# Problem to solve
Give every line of the records exactly, please, from the first up to and including the one containing "5 Baker’s Secret".

Dataset items:
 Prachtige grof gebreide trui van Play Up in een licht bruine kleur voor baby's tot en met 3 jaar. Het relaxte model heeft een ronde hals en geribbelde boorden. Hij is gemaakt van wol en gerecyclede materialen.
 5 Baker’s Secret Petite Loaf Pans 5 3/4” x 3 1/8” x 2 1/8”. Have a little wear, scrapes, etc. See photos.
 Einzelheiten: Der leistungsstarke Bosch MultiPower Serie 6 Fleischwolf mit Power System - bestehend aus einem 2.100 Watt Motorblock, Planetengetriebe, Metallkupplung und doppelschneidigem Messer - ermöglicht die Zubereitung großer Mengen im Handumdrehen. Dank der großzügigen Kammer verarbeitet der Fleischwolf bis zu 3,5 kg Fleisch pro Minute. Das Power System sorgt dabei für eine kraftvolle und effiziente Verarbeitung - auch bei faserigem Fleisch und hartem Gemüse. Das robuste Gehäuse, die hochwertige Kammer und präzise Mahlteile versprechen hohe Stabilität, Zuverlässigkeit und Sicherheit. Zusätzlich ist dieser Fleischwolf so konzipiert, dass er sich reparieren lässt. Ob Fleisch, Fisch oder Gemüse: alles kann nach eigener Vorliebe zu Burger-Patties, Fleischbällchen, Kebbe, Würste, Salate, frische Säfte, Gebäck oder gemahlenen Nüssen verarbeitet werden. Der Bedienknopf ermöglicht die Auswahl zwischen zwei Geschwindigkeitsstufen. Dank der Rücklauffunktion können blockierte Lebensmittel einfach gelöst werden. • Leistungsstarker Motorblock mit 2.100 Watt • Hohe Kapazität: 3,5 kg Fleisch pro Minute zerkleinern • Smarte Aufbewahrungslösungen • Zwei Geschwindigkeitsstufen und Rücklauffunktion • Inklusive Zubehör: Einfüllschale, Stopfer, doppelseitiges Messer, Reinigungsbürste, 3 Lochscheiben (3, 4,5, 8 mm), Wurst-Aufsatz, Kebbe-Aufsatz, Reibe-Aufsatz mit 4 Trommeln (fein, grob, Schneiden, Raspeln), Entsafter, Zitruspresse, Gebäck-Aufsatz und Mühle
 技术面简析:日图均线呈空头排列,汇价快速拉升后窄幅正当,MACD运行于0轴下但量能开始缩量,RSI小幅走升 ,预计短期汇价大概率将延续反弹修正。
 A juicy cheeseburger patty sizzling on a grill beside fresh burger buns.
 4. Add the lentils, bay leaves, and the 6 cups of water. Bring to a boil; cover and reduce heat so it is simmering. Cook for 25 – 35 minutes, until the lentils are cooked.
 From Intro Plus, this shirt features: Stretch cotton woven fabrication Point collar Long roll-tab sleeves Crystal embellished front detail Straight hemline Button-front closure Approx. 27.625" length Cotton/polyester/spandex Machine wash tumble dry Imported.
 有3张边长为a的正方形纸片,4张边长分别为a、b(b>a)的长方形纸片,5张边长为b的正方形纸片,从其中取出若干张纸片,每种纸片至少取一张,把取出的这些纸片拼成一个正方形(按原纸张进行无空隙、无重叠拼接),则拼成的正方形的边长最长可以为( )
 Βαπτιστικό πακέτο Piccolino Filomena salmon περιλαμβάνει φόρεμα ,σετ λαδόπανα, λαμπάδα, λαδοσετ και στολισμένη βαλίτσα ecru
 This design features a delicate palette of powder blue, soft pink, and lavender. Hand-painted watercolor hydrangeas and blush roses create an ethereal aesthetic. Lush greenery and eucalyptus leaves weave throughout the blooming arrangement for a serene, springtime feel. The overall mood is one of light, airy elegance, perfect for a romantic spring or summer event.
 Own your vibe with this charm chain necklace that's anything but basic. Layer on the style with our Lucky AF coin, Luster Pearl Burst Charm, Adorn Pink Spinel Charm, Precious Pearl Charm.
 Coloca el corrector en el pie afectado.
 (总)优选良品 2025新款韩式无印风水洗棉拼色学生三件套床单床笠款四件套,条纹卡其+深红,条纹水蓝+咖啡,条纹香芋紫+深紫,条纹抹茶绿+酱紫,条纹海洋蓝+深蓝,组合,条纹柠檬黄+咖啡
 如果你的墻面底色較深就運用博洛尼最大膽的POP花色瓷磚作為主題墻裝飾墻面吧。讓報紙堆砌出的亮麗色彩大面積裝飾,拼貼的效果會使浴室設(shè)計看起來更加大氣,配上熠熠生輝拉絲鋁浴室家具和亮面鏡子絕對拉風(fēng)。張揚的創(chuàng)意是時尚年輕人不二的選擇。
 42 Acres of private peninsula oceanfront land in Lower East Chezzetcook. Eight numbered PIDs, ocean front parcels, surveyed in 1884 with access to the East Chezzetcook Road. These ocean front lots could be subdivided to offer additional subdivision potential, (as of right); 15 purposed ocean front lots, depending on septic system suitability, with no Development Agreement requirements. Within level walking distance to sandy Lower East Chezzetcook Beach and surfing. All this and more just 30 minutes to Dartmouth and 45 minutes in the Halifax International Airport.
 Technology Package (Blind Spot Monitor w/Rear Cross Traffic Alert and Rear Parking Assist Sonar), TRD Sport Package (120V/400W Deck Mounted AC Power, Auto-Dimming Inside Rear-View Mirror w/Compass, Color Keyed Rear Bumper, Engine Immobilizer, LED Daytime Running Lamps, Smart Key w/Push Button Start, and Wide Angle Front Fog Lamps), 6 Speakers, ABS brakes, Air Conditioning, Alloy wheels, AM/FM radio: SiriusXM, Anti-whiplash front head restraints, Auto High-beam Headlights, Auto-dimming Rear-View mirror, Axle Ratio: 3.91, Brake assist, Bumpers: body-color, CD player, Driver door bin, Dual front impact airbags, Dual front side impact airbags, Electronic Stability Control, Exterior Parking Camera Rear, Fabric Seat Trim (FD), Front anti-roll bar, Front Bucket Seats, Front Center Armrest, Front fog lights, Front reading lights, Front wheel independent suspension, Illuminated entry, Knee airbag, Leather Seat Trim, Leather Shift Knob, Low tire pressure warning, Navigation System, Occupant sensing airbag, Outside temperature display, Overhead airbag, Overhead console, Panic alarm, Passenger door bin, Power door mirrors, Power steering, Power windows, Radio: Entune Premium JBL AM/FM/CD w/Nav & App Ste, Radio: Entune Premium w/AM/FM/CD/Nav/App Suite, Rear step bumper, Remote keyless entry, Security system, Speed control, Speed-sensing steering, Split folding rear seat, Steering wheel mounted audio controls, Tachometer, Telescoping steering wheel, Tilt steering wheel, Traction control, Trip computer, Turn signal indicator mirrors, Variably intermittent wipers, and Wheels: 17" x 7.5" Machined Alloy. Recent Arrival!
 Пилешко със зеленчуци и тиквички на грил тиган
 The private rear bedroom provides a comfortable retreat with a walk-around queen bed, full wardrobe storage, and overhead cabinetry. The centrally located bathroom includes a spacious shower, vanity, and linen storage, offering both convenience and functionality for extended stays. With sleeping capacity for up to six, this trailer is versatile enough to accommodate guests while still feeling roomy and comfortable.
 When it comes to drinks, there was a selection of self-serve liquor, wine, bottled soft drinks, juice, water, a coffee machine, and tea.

# Written reply
 Prachtige grof gebreide trui van Play Up in een licht bruine kleur voor baby's tot en met 3 jaar. Het relaxte model heeft een ronde hals en geribbelde boorden. Hij is gemaakt van wol en gerecyclede materialen.
 5 Baker’s Secret Petite Loaf Pans 5 3/4” x 3 1/8” x 2 1/8”. Have a little wear, scrapes, etc. See photos.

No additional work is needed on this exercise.